Pekin rejimine halkla ilişkiler zaferi kazandırmayın
Expressen, BM İnsan Hakları Yüksek Komiseri Michelle Bachelet’nin Çin’e gerçekleştirmekte olduğu ziyarette net bir duruş sergilemesi gerektiğini söylüyor:
“Zorla kısırlaştırma, yeniden eğitim kampları, camilerin yıkılması ve Uygur çocukların ailelerinden ayrılarak Çinli yatılı okullarda eğitim görmeleri - hepsi de Uygur kültürünü yok etme planının birer parçası. ... Ancak Bachelet’nin ziyareti kapsamında bunları görmesi pek olası değil. Başında olduğu ofisin aralık ayında Sincan’daki insan hakları ihlallerine dair bir rapor yayınlaması gerekiyordu. ... Nerede bu rapor? Michelle Bachelet, Çin’in iğrenç suçlarını yerinde kınamalı. Bu fırsat kaçırılırsa, Komünist Parti'ye bir halkla ilişkiler zaferi armağan edilmiş olur.”
Şirketler baskı uygulamalı
Frankfurter Allgemeine Zeitung, Batılı şirketleri de sorumlu tutuyor:
“Pek çok kampta, mahkumların yabancı şirketler için de çalışmaya zorlandığından şüpheleniliyor. Bu şirketler şimdi geç de yapılanların olası sonuçlarının ne olacağı sorusunu kendilerine sormalılar. Çin, AB ile yaptığı yatırım anlaşmasında, zorla çalıştırmaya karşı uluslararası sözleşmeleri onaylamak için ‘çaba sarf edeceği’ taahhüdünde bulunmuştu. Sincan’daki kampların kapılarının açılması bunun için bir başlangıç olabilir.”

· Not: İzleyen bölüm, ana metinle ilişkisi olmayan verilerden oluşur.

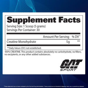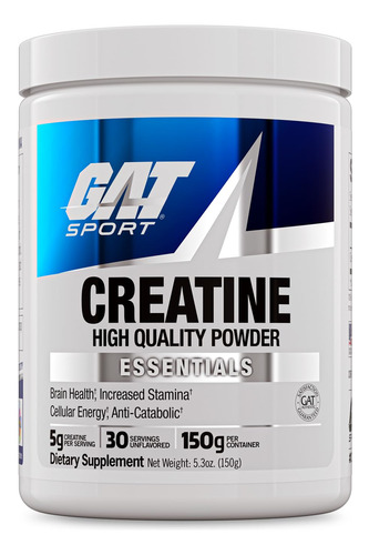 Pó de alta qualidade. Torque e tamanho muscular, maior resistência. Suporte de fosfocreatina/ATP, anticatabólico. Suplemento dietético. Torque muscular, resistência e tamanho. O monohidrato de creatina GAT é testado para confirmar sua alta pureza. A creatina monohidratada é a forma de creatina mais estudada cientificamente disponível. A creatina é um metabólito natural encontrado no tecido muscular. Ajuda a ressintetizar rapidamente o ATP, a forma definitiva de energia usada pelas células musculares para gerar força (contração muscular). Foi demonstrado clinicamente que a creatina melhora a força muscular, o torque e o desempenho. A creatina GAT é micronizada para ajudar a maximizar a absorção e a utilização. – AUMENTA O DESEMPENHO MUSCULAR: A creatina em pó GAT Sport melhora a resistência física, a potência e a capacidade de trabalho muscular. Permite que você treine mais e por mais tempo.* – AUMENTA A MASSA CORPORAL MAGRA: Com sua capacidade de promover força e estimular o crescimento muscular, a creatina em pó GAT ajuda a obter uma composição corporal mais magra, para esculpir seu físico ideal.* – APOIA A SAÚDE CEREBRAL: Esta creatina em pó pura auxilia a função cognitiva, ajudando a manter a saúde corporal. Isso pode ser especialmente benéfico à medida que envelhecemos.* – AUMENTA A RESISTÊNCIA: Ao aumentar a capacidade do corpo de criar energia com mais eficiência, o pó de creatina GAT melhora a capacidade de exercício. Pode ajudá-lo a realizar exercícios intensos com facilidade.* – FORNECE SUPORTE NUTRICIONAL: A creatina em pó GAT fornece suporte nutricional para indivíduos que precisam de uma maior necessidade alimentar. Isso pode incluir atletas e qualquer pessoa que simplesmente não consuma alimentos ricos em creatina suficientes em sua dieta normal. *

Yeni bir cezasızlık çağı mı?
Le Monde’a göre, Çin’in Uygurlara uyguladığı şiddete tepki verme konusunda Batı’nın şimdiye kadar çekingen davranması kabul edilemez:
“Bu, Pekin’in uluslararası sistem üzerindeki yeni nüfuzunun bir kanıtı. ... Aynı zamanda da uluslararası ilişkilerin bilinçli olarak vahşileştirilmesinin bir ifadesi ve yeni cezasızlık çağının emaresi. ... Çin en az bir milyon Uygur’u tutuklamışken, bu insan hakları ihlallerinden ötürü ülkeye yaptırım uygulamayı ciddi bir şekilde düşünen kimse yok. Hangi büyük Batılı marka, devasa Çin pazarına sırt dönmek ister ki? Ancak Sincan Polis Dosyaları, Pekin’in tüm ortakları ve muhatapları için son bir uyarı olmalı: Çin’de yaşanmakta olan gerçeklik yakından takip edilmeli.”
Baskıların bedeli olmalı
Dagens Nyheter de ifşaatlar ışığında şu ana kadar Çin'e yönelik uygulanan tedbirlerin yeterli olmadığına inanıyor:
“AB, bir dizi Çinli yetkiliye sınırlı düzeyde yaptırımlar uygulamış ve bir yatırım anlaşmasını askıya almıştı. ABD de sene başında yapılan Pekin Olimpiyatları'na diplomatik boykot uygulamıştı. Ancak bugün, Başkan Trump'ın ABD ile Çin arasındaki ticaret dengesinden hoşnut olmadığı için uyguladığı gümrük vergileriyle dahi karşılaştırılabilecek düzeyde herhangi bir tedbir bulunmuyor. Çok uluslu şirketlerin Sincan'da hâlâ fabrikaları var. Tarlalarda insanların zorla çalıştırıldığına dair çıkan haberlere rağmen, giydiğimiz kıyafetlerde bu bölgeden gelen pamuk kullanılıyor. Bu böyle devam edemez. Yaptığı baskının rejim için bedeli olmalı.”